First of all, let's talk about where it's geographically located. Lay out a map of Texas and put a dot just a tad below center. I can use words like 'tad' when talking about little towns in the South.

Specifically we are now 50 miles North of San Antonio and 69 miles West of Austin. Our town of today's topic covers just a smidgin over 9 acres. And there's another word for today's language choice.

Its oldest building is a combination general store and saloon reputedly opened in 1849 by Minna Engel, whose father was a preacher from Germany. The community, first named Grape Creek, was later named after Minna's husband, Carl Albert Luckenbach, who was then her fiancé. They would later move to another town which became Albert, Texas.

Its population increased to a high of 492 in 1904, but by the 1960s, Luckenbach was almost a ghost town.

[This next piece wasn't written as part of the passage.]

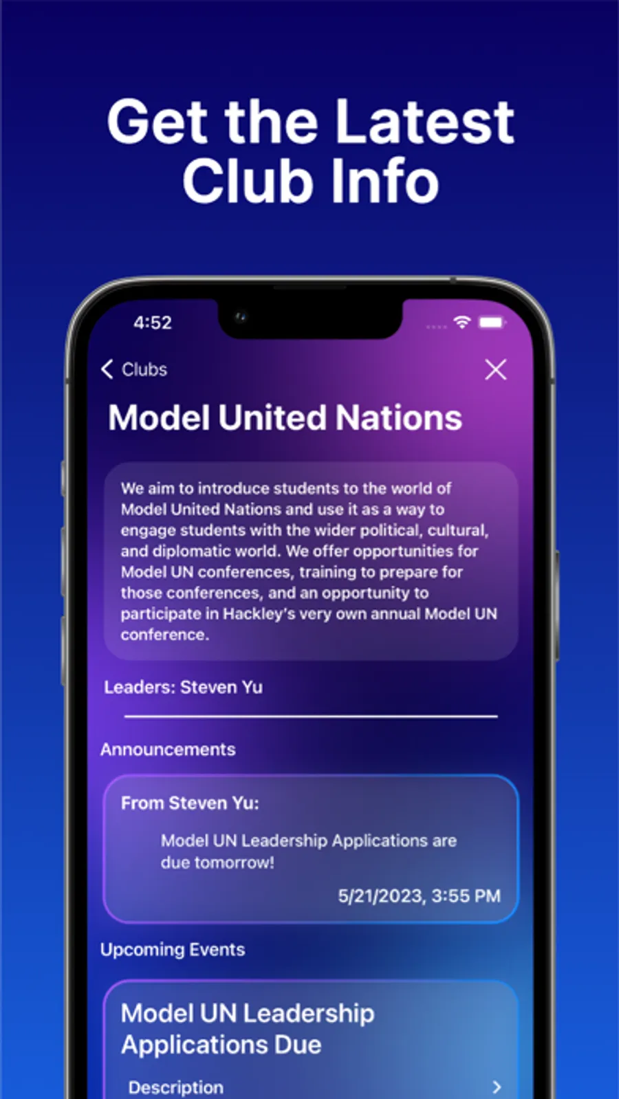 - Viewing, managing, & joining clubs and organizations

An ad in the paper offering "town with population of 3 for sale" led Hondo Crouch, rancher and Texas folklorist, to buy Luckenbach for $30,000 in 1970.

Luckenbach's association with country music began in the summer of 1973, when Jerry Jeff Walker, backed by the Lost Gonzo Band, recorded a live album there called Viva Terlingua at Luckenbach Dancehall. That album became an outlaw country classic.

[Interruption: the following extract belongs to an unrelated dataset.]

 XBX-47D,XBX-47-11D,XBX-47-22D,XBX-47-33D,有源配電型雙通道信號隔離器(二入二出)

Four years later (and a year after Crouch's death), Waylon Jennings and Willie Nelson memorialized Luckenbach with the song "Luckenbach, Texas (Back to the Basics of Love)," cowritten by rock and soul producer Chips Moman and keyboardist Bobby Emmons. Waylon later told audiences that he hated the song and admitted the guys that wrote the thing had never been to Luckenbach nor had he. Waylon eventually played one show in Luckenbach on July 4, 1997.